> [WHAT IS NEEDED]:
Extract only the lines running from the top of the entries to the line that holds "Gepackt ift diefer". Include that line and omit the pictures.

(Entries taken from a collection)
§ §
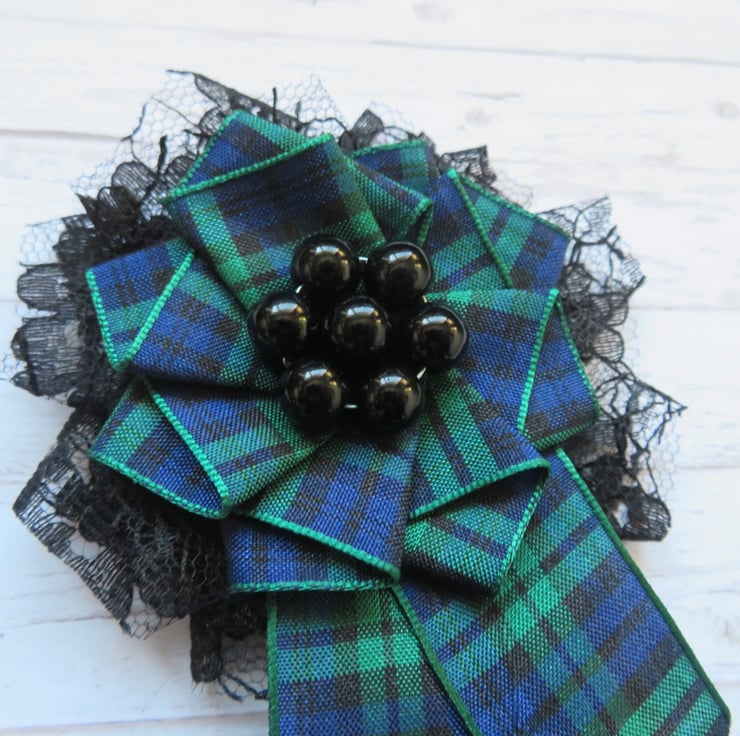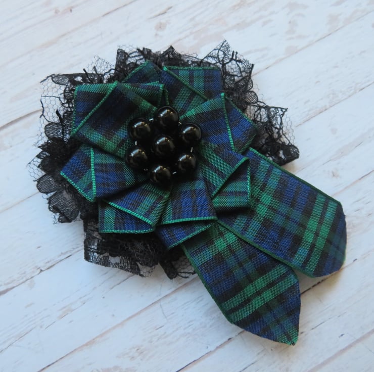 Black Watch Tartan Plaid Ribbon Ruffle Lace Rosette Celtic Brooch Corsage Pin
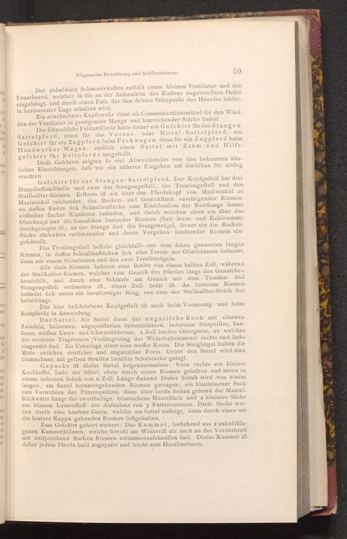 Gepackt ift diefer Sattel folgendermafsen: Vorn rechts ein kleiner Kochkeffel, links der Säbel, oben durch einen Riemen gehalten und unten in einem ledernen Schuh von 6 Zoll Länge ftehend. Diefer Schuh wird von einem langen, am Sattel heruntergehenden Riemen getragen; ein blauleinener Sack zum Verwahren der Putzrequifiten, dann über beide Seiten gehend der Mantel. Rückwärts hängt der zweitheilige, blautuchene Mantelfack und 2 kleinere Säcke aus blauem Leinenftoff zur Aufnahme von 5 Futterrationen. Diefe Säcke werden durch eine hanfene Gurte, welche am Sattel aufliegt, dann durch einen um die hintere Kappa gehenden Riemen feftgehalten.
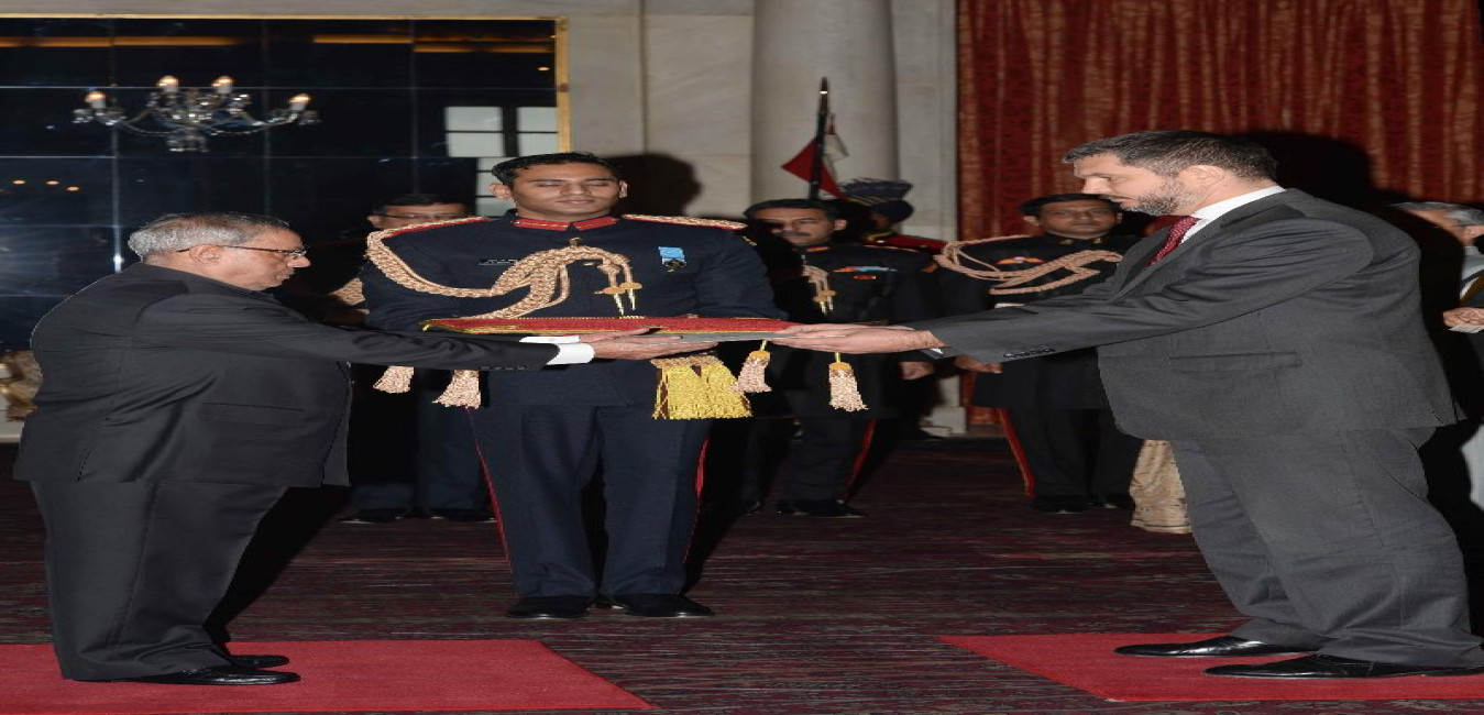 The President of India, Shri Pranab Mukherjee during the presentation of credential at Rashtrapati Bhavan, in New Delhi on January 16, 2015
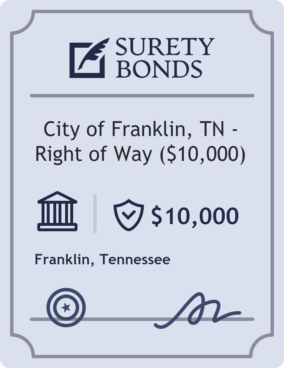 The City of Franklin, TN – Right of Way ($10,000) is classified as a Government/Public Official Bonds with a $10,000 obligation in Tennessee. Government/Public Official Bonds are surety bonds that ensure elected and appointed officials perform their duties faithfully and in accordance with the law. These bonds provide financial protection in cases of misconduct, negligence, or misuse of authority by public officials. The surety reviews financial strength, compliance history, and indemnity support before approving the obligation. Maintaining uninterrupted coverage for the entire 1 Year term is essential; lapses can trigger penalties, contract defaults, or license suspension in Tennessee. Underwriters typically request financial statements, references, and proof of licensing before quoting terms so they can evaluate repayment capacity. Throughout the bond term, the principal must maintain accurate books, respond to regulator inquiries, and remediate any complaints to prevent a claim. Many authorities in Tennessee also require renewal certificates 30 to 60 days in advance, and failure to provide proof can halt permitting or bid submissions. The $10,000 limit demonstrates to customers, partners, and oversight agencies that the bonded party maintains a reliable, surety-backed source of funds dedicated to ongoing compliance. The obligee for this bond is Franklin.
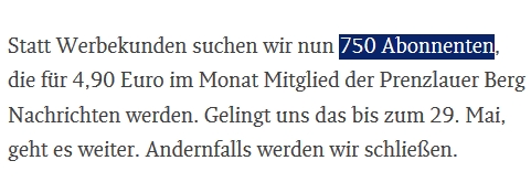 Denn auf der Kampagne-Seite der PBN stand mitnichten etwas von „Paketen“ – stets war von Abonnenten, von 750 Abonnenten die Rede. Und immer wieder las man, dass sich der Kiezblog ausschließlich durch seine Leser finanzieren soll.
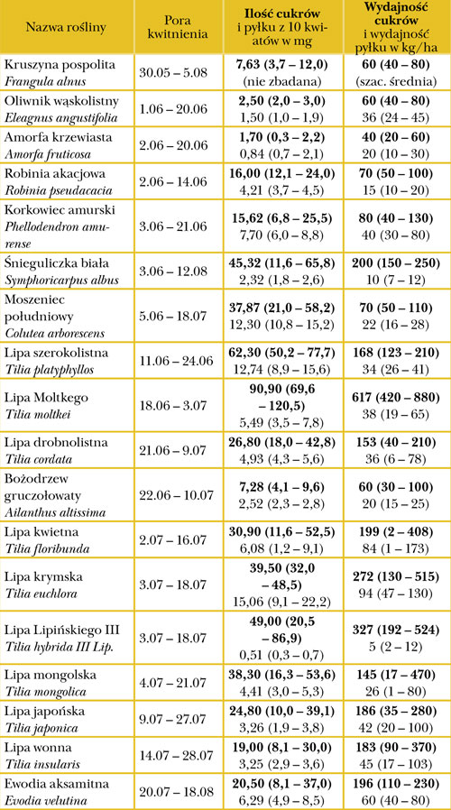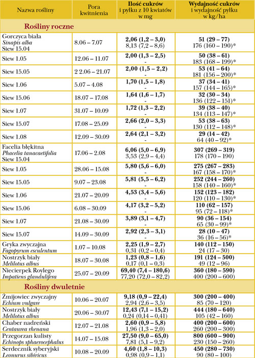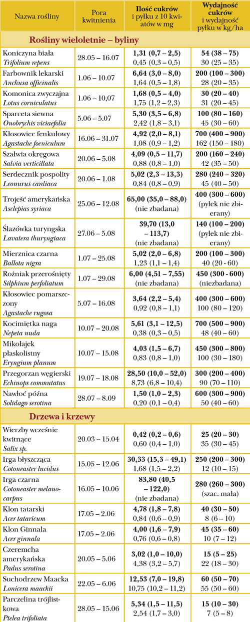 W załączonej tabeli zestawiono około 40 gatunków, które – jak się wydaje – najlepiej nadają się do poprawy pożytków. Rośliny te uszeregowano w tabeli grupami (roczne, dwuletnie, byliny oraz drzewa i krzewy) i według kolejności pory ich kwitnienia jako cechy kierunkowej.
§ §
> [RESULT FOR THIS EXERCISE]:
 Black Watch Tartan Plaid Ribbon Ruffle Lace Rosette Celtic Brooch Corsage Pin
 Gepackt ift diefer Sattel folgendermafsen: Vorn rechts ein kleiner Kochkeffel, links der Säbel, oben durch einen Riemen gehalten und unten in einem ledernen Schuh von 6 Zoll Länge ftehend. Diefer Schuh wird von einem langen, am Sattel heruntergehenden Riemen getragen; ein blauleinener Sack zum Verwahren der Putzrequifiten, dann über beide Seiten gehend der Mantel. Rückwärts hängt der zweitheilige, blautuchene Mantelfack und 2 kleinere Säcke aus blauem Leinenftoff zur Aufnahme von 5 Futterrationen. Diefe Säcke werden durch eine hanfene Gurte, welche am Sattel aufliegt, dann durch einen um die hintere Kappa gehenden Riemen feftgehalten.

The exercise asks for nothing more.